信用格付け会社ムーディーズが、ステーブルコインのための格付けシステムを開発していることがわかった。ブルームバーグが26日に、匿名の情報筋の話を引用して報じた。最大20のステーブルコインを対象とした分析を行う。

システムは、開発の初期段階にあるとみられる。公式な信用格付けとはみなされないものの、ステーブルコインの裏付け資産の証明の質を評価し、格付けすることになる。第三者が企業の主張が正確であることを証明することで、ステーブルコインが1対1で裏付けられていることを検証する。

ステーブルコインとは、その価値が米ドルなどの法定通貨や他の金融商品に裏付けられている仮想通貨だ。ステーブルコインの価値を他の資産に結びつけることで、その他の仮想通貨のようにボラティリティに影響されない資産を提供するというコンセプトで開発された。しかし、これはステーブルコインのリスクがないことを意味するわけではない。

例えば、ステーブルコインの最大手であるテザー社は、2021年、同社のステーブルコイン「USDT」の裏付けとなる法定通貨の担保額を偽っていたとされ、ニューヨーク検事総長と和解している。
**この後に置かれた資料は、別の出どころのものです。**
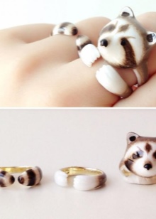 Among other original and unusual rings, jewelry made in the form of a bird's nest, various plants, clothing, hats and shoes, barcodes, vegetables and fruits, wires, knots, ropes, elements of the periodic table, magic balls, human eye, nails can be noted , cartoon characters, dice.

ニューヨーク州に1850万ドルの損害賠償を支払うほか、同社は引当金の定期的な開示を求められた。

ステーブルコインの裏付け資産は、2022年から始まった弱気市場と一部仮想通貨企業の破綻の影響から、ここ数カ月でさらに精査されるようになった。5月には、アルゴリズム型ステーブルコインであるテラUSD(UST)がドルペグを失い、約0.30ドルの安値に暴落したときに、テラのエコシステムが崩壊した。

ムーディーズは上場企業の信用格付けを行い、格付けを通じて信用リスクに関する分析を配信している。